The South Bauchi languages (also called the B.3 West Chadic or Barawa languages) are a branch of West Chadic languages that are spoken in Bauchi State and Plateau State, Nigeria.

An extensive lexical survey of the South Bauchi languages had been carried out by Kiyoshi Shimizu from 1974 to 1975. Another early survey was that of Gowers (1907), which included 42 languages of Bauchi.

==Languages==
The South Bauchi languages include:

- South Bauchi languages
- Zaar group: Dass; Geji, Polci (Polchi), Saya, Zari, Zeem
- Guruntum group: Guruntum-Mbaaru, Ju, Tala, Zangwal
- Boghom group: Jimi, Jum; Boghom, Kir-Balar, Mangas

Roger Blench (2020) counted around 38 South Bauchi languages.

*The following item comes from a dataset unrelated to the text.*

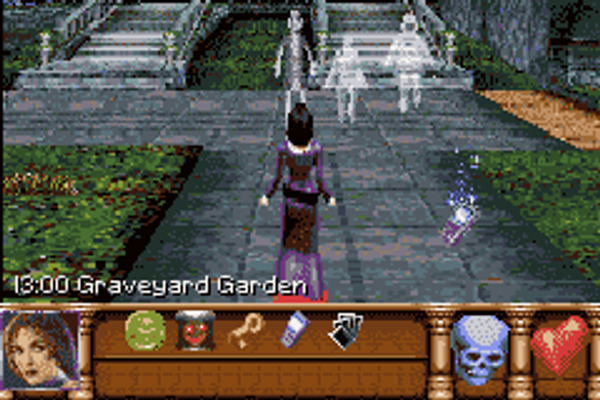 Remember the old Haunted Mansion ride at Disneyland? Probably the better question is, how could you not? The creepy hallways, the gliding chairs, the crystal ball, and all of the ghosts -- the popular attraction has frightened children and entertained adults for decades. And now the ride has come to life on the silver screen and on the Game Boy Advance. Developed by Pocket Studios, the game itself follows a standardized action-adventure formula. Main hero Zeke, armed with a magical lantern called the Beacon of Souls, moves about the mansion environment, captures the 999 ghosts, solves puzzles and restores light to rooms.
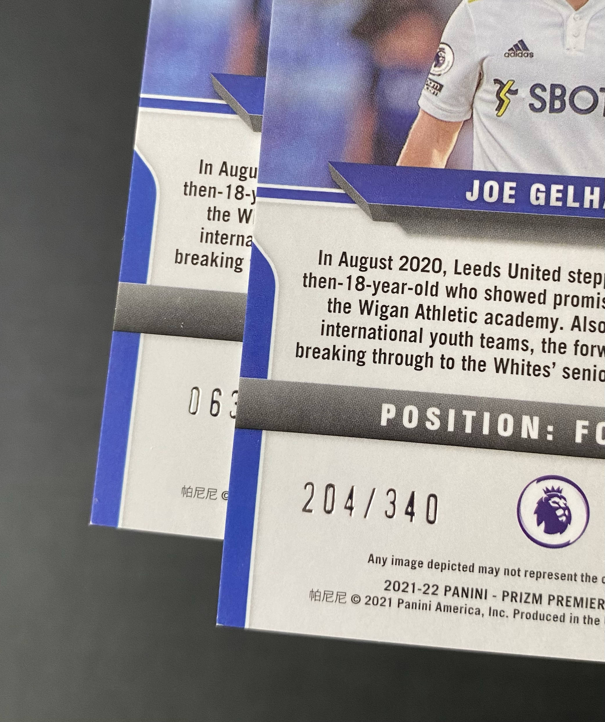 2021-22 Panini Prizm Joe Gelhardt RC 英超Prizm 利兹联新星 乔格尔哈特 新秀RC红MOJO折射 159编 红折 199编 蓝折 340编 微瑕如图【冠军】

==Internal classification==
===Shimizu (1978)===
Shimizu (1978) classifies the South Bauchi languages as follows. Individual languages are highlighted in italics.

- South Bauchi
  - East branch
    - Boghom subgroup
      - Bòghòm (Burrum)
      - Kir cluster
        - Kiir (Kir); Laàr (Balàr)
        - Mánsi (Mangas)
    - Guruntum subgroup
      - Guruntum cluster
        - Mbaarù
        - Gùrùntùm
      - Tala cluster
        - Sòòr (Zaŋwal); Zaŋwal of Zungur
        - Lungu (Tala)
        - Shò (Jù); Jimi
  - West branch
    - Barawa subgroup
      - North Barawa
        - Geji cluster
          - Mɨ̀gang (Booluu), Pelu; Gyaanzi (Gèèjì)
          - Buu (Zàràndaa)
        - Polci cluster
          - Zùl; Barang (Baram), Dììr (Baram Dutse)
          - Bɨ̀lɨ̀ (Bùlì); Nyámzàx (Laŋas), Lundur; Posɨ (Polci)
      - South Barawa
        - Zeem cluster
          - Zeem; Tule (Tulai); Chaari
          - Dokshì (Lushi)
        - Dass cluster
          - Dɨkshi (Bàraza?); Bàndas (Dur)
          - Boòdlɨ (Zumbul); Wangdày (Wanɗì); Zòdì (Dwàt)
        - Saya cluster
          - Zàksɨ̀ (Zàkshì); Bòòt (Boto); Zaarɨ (Zari); Sigidi
          - Zaar of Kàl; Zaar of Gàmbar Lèère; Zaar of Lùsa

===Blench (2021)===
Roger Blench (2021) classifies the South Bauchi languages as follows.

- South Bauchi
  - Jimi
  - Boghom cluster: Mantsi, Boghom, Kir-Balar
  - Gurdung cluster: Gurdung, Mbaaru, Ju, Tala, Zangwal
  - Zaar branch
    - Das cluster: Diksyhi, Dur, Zumbul, Dot, Wangdi
    - Polci cluster: Zul, Mbaram, Diir, Buli, Nyamzax, Polci, Luri (†)
    - Zeem cluster: Zeem (†), Tuli (†), Caari, Dyarim, Dokshi
    - Geji cluster: Megang, Pelu, Geji, Buu

==Names and locations==
Below is a comprehensive list of South Bauchi language names, populations, and locations from Blench (2019).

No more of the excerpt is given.